>>>

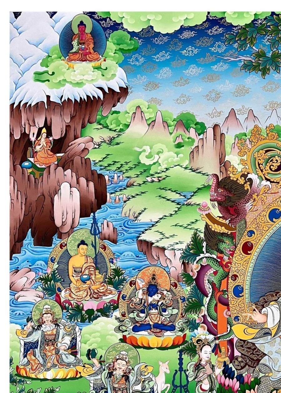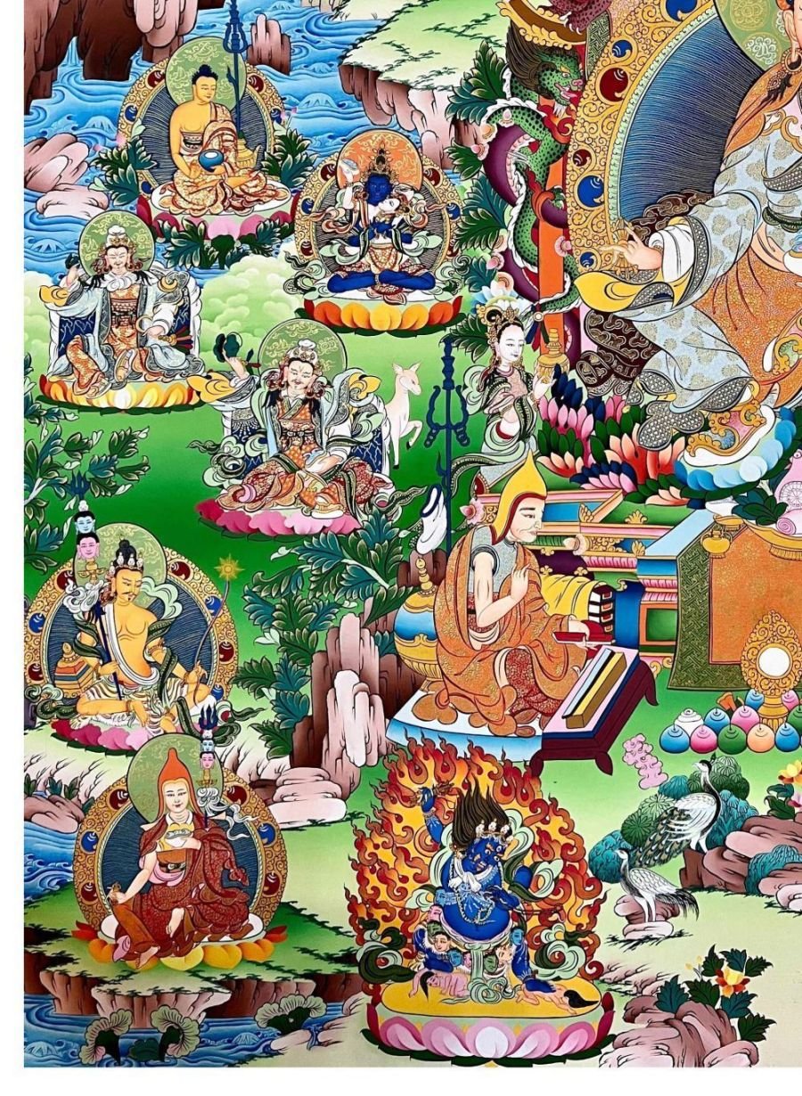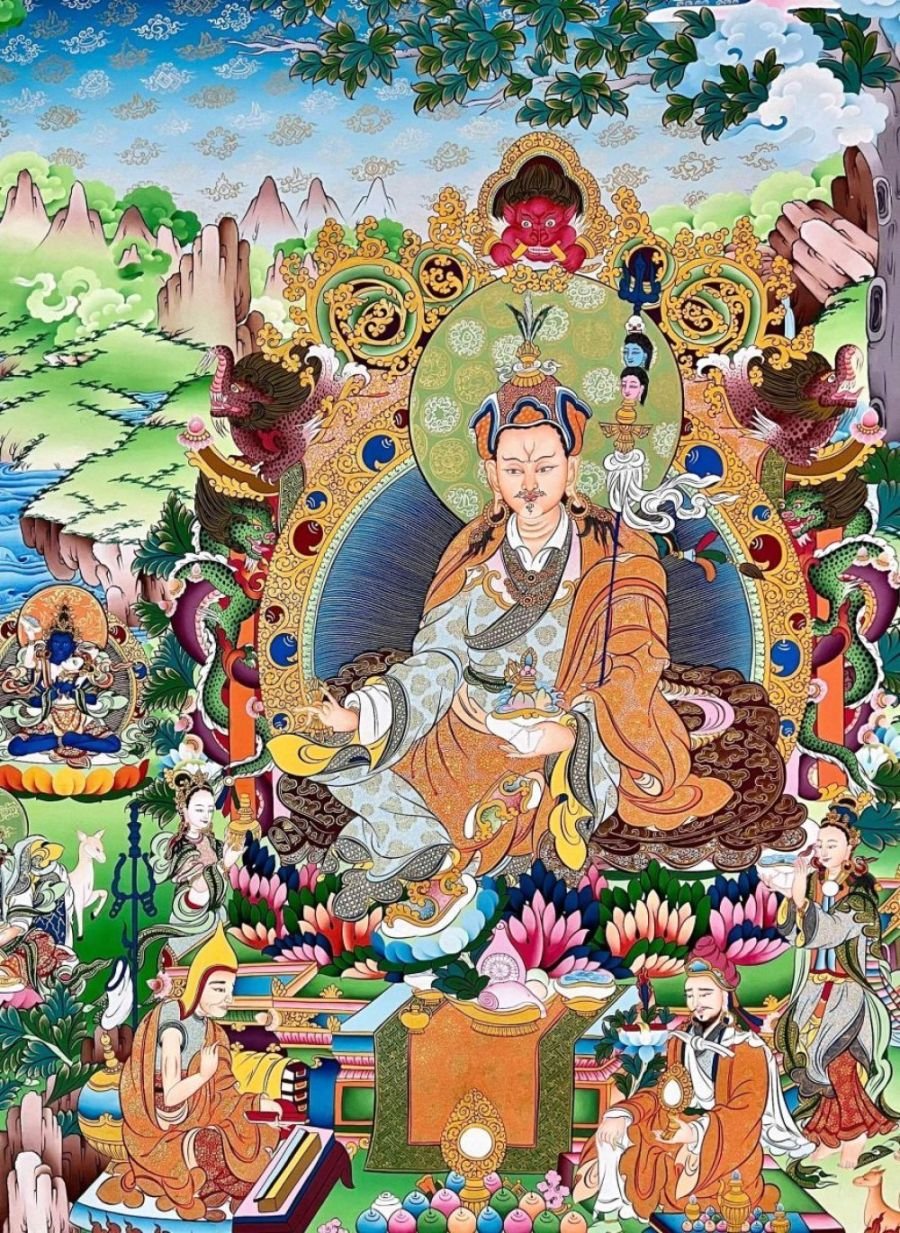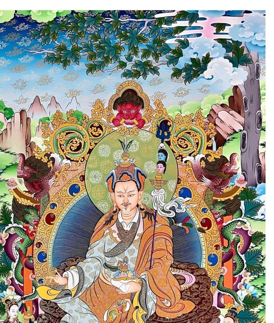 Padmasambhava Thangka, Tibetan Buddhist Art, Hand Painted, Real Gold , The lotus-born master, wisdom beyond time
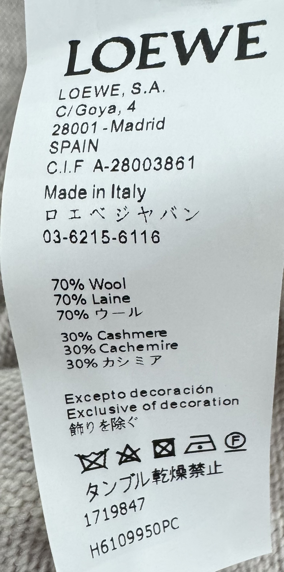 这款衣服是AAAAA 1:1 质量 (非常棒). 使用了和原版一模一样的材料. 商标部分也保持了和罗意威/Loewe一样. 图片拍摄是实物衣服拍摄, 您所收到的实物保证和我们图片一模一样.
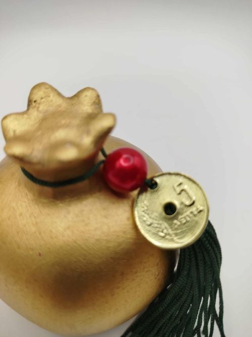 Χειροποίητο χρυσό κεραμικό γούρι ρόδι, με κυπαρισσί φούντα, κόκκινη χάντρα πέρλα και μια πεντάρα.
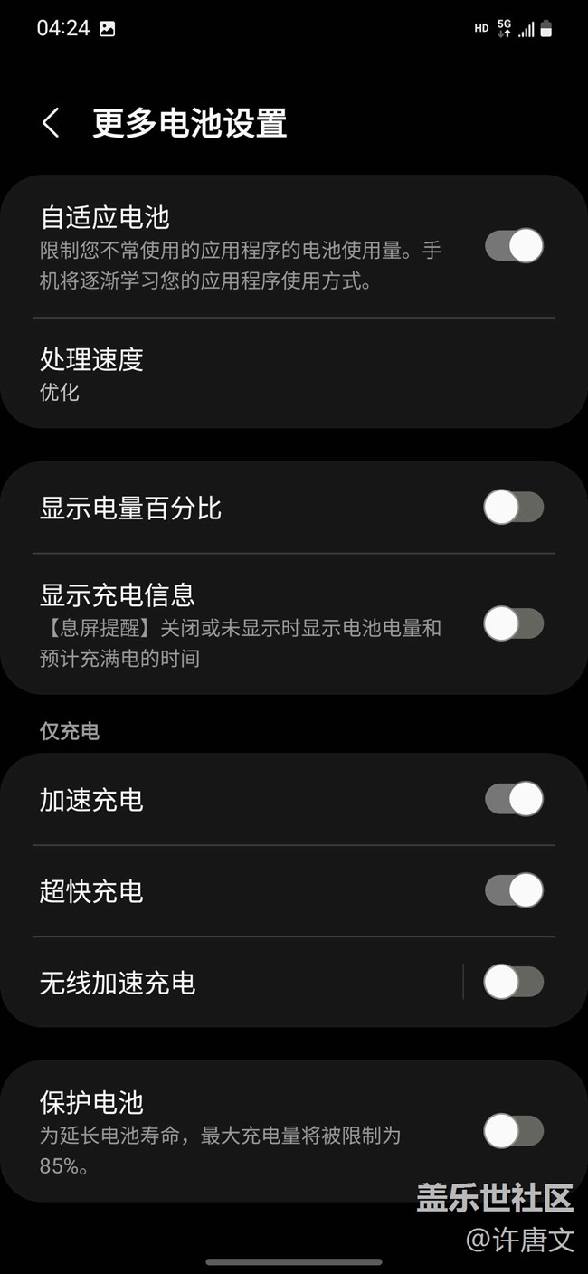 之前為了讓s22性能和續(xù)航有更好的提升,就去某音搜索了一些關(guān)于性能和續(xù)航的視頻,特別是有博主說(shuō)在三星應(yīng)用市場(chǎng)下載那個(gè)good什么的軟件,我之前也下載過(guò),說(shuō)按照他們的設(shè)置能讓你的手機(jī)和性能有更好的提升,但是我按照他們的辦法嘗試過(guò),并沒(méi)有他們說(shuō)的那么好,反而讓自己的手機(jī)發(fā)熱次數(shù)更多,更卡頓,續(xù)航更拉。所以我果斷把手機(jī)格式化掉,然后自己摸索和看過(guò)一些感覺(jué)ok的博主建議就只設(shè)置了以下圖片的這些設(shè)置,一天就兩三次發(fā)熱,因?yàn)槲疫@部手機(jī)是只上微信和刷抖音逛淘寶,看電視。續(xù)航的話就從晚上12點(diǎn)到早上8點(diǎn)大概是剩20左右,這個(gè)是我個(gè)人的上班日常使用,也不能決定你們按照我這個(gè)設(shè)置會(huì)能用那么久,我的s22沒(méi)有下載游戲,沒(méi)有試過(guò)打游戲會(huì)不會(huì)很卡。當(dāng)下參考,原本是語(yǔ)言系統(tǒng)設(shè)置的是英文,但是我覺(jué)得發(fā)英文的感覺(jué)我會(huì)被罵,內(nèi)容是個(gè)人使用經(jīng)歷,說(shuō)的不是很好,你們可以考慮考慮我這個(gè)設(shè)置
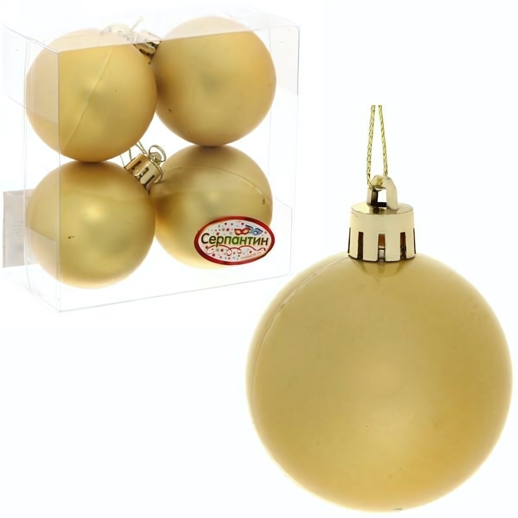 Количество: 4 штуки. Диаметр каждого шара – 5 см. Цвет – золотой матовый. Материал – ПВХ с металлическим держателем и золотой подвесной нитью.
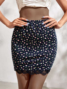 النساء - تنورة ضيقة مزينة بالزهور من الدانتيل
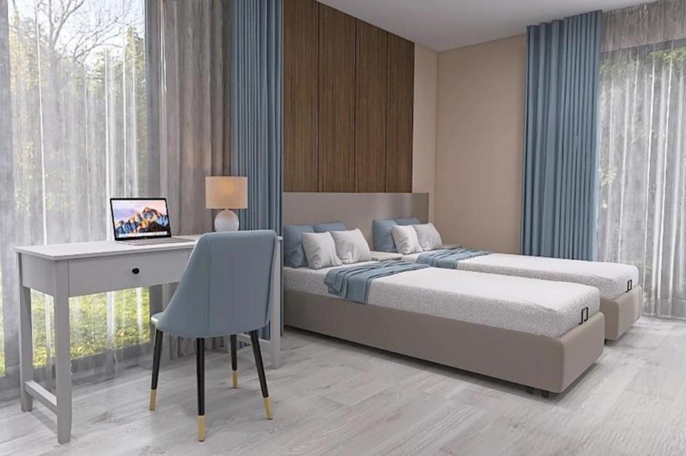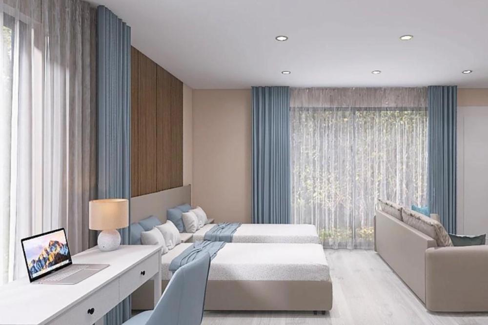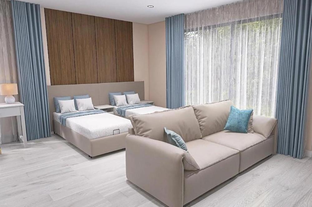 В номере: 2 кровати (90 x 210), угловой 2-спальный диван, 2 прикроватных тумбочки, балкон, шкаф, банные комплекты из трех полотенец, минибар, банные халаты из «вафельного хлопка», телевизор, кондиционер, щётка для одежды, салфетка для обуви, рожок обувнойтелефон, чайная группа, журнальный столик, одноразовые тапочки, багажница с вешалкой.
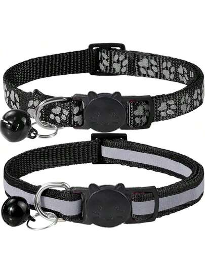 2pcs/set Adjustable Reflective Black Cat Collar - Black - View 1
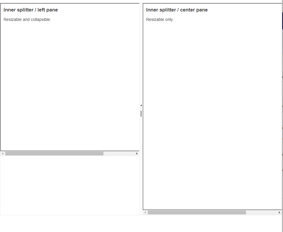 However, if once resized by the splitter bar, the pane width is not longer adjusted after browser resize events. Instead, the page shows a single scrollbar for the whole splitter.
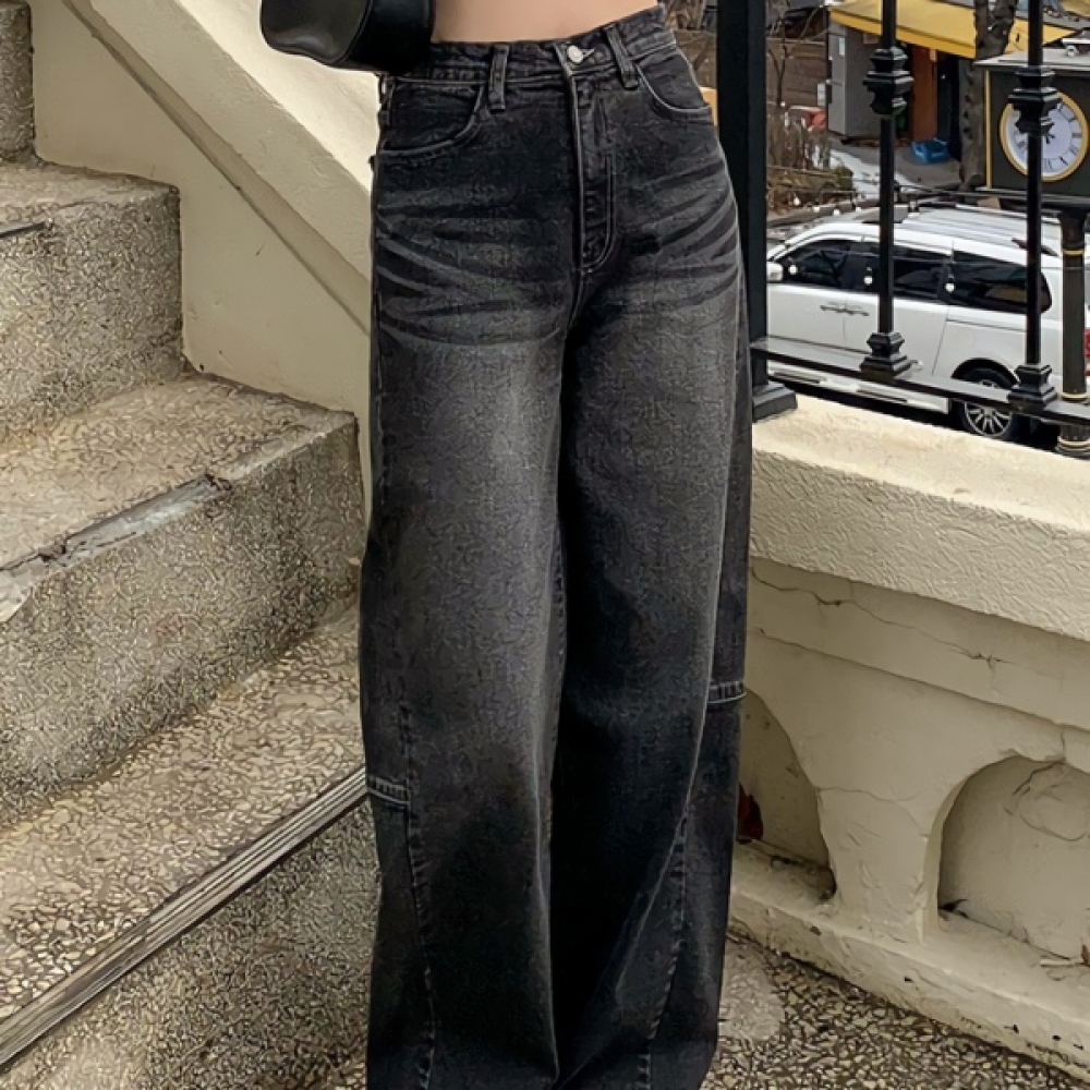 여성 벌룬핏 와이드 흑청 워싱 데님팬츠

<<<

[The problem] Once the line with "Количество: 4 штуки." is found, write out that line and every later line of the listing above exactly, through the last one, and skip any pictures.

[Output of the exercise]
 Количество: 4 штуки. Диаметр каждого шара – 5 см. Цвет – золотой матовый. Материал – ПВХ с металлическим держателем и золотой подвесной нитью.
 النساء - تنورة ضيقة مزينة بالزهور من الدانتيل
 В номере: 2 кровати (90 x 210), угловой 2-спальный диван, 2 прикроватных тумбочки, балкон, шкаф, банные комплекты из трех полотенец, минибар, банные халаты из «вафельного хлопка», телевизор, кондиционер, щётка для одежды, салфетка для обуви, рожок обувнойтелефон, чайная группа, журнальный столик, одноразовые тапочки, багажница с вешалкой.
 2pcs/set Adjustable Reflective Black Cat Collar - Black - View 1
 However, if once resized by the splitter bar, the pane width is not longer adjusted after browser resize events. Instead, the page shows a single scrollbar for the whole splitter.
 여성 벌룬핏 와이드 흑청 워싱 데님팬츠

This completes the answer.